Discriminative Triad Matching and Reconstruction for Weakly Referring Expression Grounding (2106.04053v1)

Published 8 Jun 2021 in cs.CV and cs.MM

Abstract: In this paper, we are tackling the weakly-supervised referring expression grounding task, for the localization of a referent object in an image according to a query sentence, where the mapping between image regions and queries are not available during the training stage. In traditional methods, an object region that best matches the referring expression is picked out, and then the query sentence is reconstructed from the selected region, where the reconstruction difference serves as the loss for back-propagation. The existing methods, however, conduct both the matching and the reconstruction approximately as they ignore the fact that the matching correctness is unknown. To overcome this limitation, a discriminative triad is designed here as the basis to the solution, through which a query can be converted into one or multiple discriminative triads in a very scalable way.
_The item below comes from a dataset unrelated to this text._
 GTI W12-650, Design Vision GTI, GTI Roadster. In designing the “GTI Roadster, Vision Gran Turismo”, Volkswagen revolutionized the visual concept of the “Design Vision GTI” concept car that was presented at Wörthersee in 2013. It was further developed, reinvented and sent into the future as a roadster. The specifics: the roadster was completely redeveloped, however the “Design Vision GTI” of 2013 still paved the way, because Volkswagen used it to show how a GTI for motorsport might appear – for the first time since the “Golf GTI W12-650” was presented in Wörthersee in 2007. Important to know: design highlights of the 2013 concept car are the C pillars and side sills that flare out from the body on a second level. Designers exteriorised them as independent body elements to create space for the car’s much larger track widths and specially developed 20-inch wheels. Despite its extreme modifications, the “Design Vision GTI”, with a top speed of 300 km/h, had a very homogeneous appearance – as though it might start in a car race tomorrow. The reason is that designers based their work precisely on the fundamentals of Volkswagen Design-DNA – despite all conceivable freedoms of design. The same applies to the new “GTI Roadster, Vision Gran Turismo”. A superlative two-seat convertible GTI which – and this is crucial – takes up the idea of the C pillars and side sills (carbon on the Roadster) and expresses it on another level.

Based on the discriminative triad, we further propose the triad-level matching and reconstruction modules which are lightweight yet effective for the weakly-supervised training, making it three times lighter and faster than the previous state-of-the-art methods. One important merit of our work is its superior performance despite the simple and neat design. Specifically, the proposed method achieves a new state-of-the-art accuracy when evaluated on RefCOCO (39.21%), RefCOCO+ (39.18%) and RefCOCOg (43.24%) datasets, that is 4.17%, 4.08% and 7.8% higher than the previous one, respectively.

Authors (5)

Mingjie Sun (29 papers)
Jimin Xiao (38 papers)
Eng Gee Lim (38 papers)
Si Liu (130 papers)
John Y. Goulermas (8 papers)

Citations (161)

View on Semantic Scholar

Summary

Overview of Discriminative Triad Matching and Reconstruction in Weakly Referring Expression Grounding

The task of Referring Expression Grounding (REG) involves identifying and localizing a particular object within an image based on a descriptive query. This inherently multimodal challenge leverages both linguistic and visual data to achieve accurate object detection. Although traditionally tackled with fully supervised methodologies, where explicit mappings between sentences and image regions are used during training, the Weakly-Supervised Referring Expression Grounding (WREG) task seeks to eliminate the need for such mappings, thereby presenting a more challenging problem.

The presented method advances the state of the art in WREG by introducing a novel framework based on Discriminative Triad Matching and Reconstruction. This framework not only provides superior performance but also maintains efficiency and scalability, as demonstrated through rigorous evaluation on several benchmarking datasets.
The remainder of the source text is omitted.